Laboratory of Emerging Infectious Diseases, Department of Immunology and Microbiology, Dalhousie University, Halifax, NS, Canada.
Department of Pediatrics, Izaak Walton Killan (IWK) Health Center, CCfV, Halifax, NS, Canada.
Front Immunol. 2023 Mar 9;14:1137850. doi: 10.3389/fimmu.2023.1137850. eCollection 2023.
Millions of deaths worldwide are a result of sepsis (viral and bacterial) and septic shock syndromes which originate from microbial infections and cause a dysregulated host immune response. These diseases share both clinical and immunological patterns that involve a plethora of biomarkers that can be quantified and used to explain the severity level of the disease. Therefore, we hypothesize that the severity of sepsis and septic shock in patients is a function of the concentration of biomarkers of patients.
In our work, we quantified data from 30 biomarkers with direct immune function. We used distinct Feature Selection algorithms to isolate biomarkers to be fed into machine learning algorithms, whose mapping of the decision process would allow us to propose an early diagnostic tool.

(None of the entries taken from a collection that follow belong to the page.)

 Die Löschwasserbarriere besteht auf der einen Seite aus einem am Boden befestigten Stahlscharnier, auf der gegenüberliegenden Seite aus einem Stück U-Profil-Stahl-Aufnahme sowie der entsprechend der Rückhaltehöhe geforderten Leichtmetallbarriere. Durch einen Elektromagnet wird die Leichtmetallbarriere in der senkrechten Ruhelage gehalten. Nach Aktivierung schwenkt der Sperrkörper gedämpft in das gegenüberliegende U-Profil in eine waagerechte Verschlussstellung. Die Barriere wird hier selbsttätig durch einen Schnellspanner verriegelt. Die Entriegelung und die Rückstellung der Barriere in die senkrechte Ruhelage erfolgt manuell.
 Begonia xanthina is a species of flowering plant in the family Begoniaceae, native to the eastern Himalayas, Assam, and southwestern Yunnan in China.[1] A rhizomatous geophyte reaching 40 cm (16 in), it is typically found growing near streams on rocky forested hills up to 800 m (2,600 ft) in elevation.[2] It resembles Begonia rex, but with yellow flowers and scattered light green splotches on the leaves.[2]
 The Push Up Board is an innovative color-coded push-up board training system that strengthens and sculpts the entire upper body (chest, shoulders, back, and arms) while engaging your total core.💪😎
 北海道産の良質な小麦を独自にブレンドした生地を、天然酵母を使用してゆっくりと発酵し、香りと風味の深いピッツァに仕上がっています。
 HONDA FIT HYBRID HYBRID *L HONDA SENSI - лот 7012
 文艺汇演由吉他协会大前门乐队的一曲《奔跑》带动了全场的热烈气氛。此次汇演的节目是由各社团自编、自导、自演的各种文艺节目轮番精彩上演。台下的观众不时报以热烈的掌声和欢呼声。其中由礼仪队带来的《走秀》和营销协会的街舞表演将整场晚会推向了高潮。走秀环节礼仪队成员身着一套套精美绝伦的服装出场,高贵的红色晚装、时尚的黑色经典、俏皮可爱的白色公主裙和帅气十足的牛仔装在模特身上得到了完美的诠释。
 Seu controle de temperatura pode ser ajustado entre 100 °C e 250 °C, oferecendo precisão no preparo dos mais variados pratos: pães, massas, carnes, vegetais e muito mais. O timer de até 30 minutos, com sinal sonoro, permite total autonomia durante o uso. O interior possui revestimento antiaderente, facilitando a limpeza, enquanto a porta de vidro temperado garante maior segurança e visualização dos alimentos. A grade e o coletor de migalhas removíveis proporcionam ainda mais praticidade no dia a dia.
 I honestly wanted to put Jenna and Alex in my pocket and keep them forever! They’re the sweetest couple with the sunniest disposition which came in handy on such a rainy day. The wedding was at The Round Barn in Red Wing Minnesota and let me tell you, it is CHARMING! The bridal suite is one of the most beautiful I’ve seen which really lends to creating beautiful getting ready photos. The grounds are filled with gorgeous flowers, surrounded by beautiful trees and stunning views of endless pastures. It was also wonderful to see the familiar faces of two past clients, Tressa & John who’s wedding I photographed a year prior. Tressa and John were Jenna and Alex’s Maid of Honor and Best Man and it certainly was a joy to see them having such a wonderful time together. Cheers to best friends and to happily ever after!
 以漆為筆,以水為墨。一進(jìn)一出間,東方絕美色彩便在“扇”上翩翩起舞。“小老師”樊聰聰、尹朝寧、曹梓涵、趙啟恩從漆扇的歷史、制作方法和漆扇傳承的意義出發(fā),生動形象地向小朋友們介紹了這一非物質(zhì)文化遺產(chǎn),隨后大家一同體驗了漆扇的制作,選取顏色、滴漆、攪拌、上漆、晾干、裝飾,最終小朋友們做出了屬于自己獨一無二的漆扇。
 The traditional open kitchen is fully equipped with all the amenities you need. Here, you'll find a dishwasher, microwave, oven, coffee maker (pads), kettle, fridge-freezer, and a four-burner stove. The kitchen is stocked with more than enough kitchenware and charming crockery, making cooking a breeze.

We isolated two biomarkers, i.e., Programmed Death Ligand-1 and Myeloperoxidase, that were flagged by the interpretation of an Artificial Neural Network. The upregulation of both biomarkers was indicated as contributing to increase the severity level in sepsis (viral and bacterial induced) and septic shock patients.
In conclusion, we built a function considering biomarker concentrations to explain severity among sepsis, sepsis COVID, and septic shock patients. The rules of this function include biomarkers with known medical, biological, and immunological activity, favoring the development of an early diagnosis system based in knowledge extracted from artificial intelligence.
全球数百万人的死亡是由脓毒症(病毒和细菌)和脓毒性休克综合征引起的,这些疾病源于微生物感染,导致宿主免疫反应失调。这些疾病具有共同的临床和免疫模式,涉及大量可量化的生物标志物,可用于解释疾病的严重程度。因此,我们假设患者脓毒症和脓毒性休克的严重程度是患者生物标志物浓度的函数。
在我们的工作中,我们对 30 种具有直接免疫功能的生物标志物进行了定量分析。我们使用不同的特征选择算法来分离生物标志物,并将其输入机器学习算法,其决策过程的映射将使我们能够提出一种早期诊断工具。
我们分离出了两种生物标志物,即程序性死亡配体 1 和髓过氧化物酶,它们被人工神经网络的解释标记出来。这两种生物标志物的上调都表明有助于增加脓毒症(病毒和细菌引起)和脓毒性休克患者的严重程度。
总之,我们构建了一个考虑生物标志物浓度的函数来解释脓毒症、COVID 相关性脓毒症和脓毒性休克患者的严重程度。该函数的规则包括具有已知医学、生物学和免疫学活性的生物标志物,有利于开发基于从人工智能中提取的知识的早期诊断系统。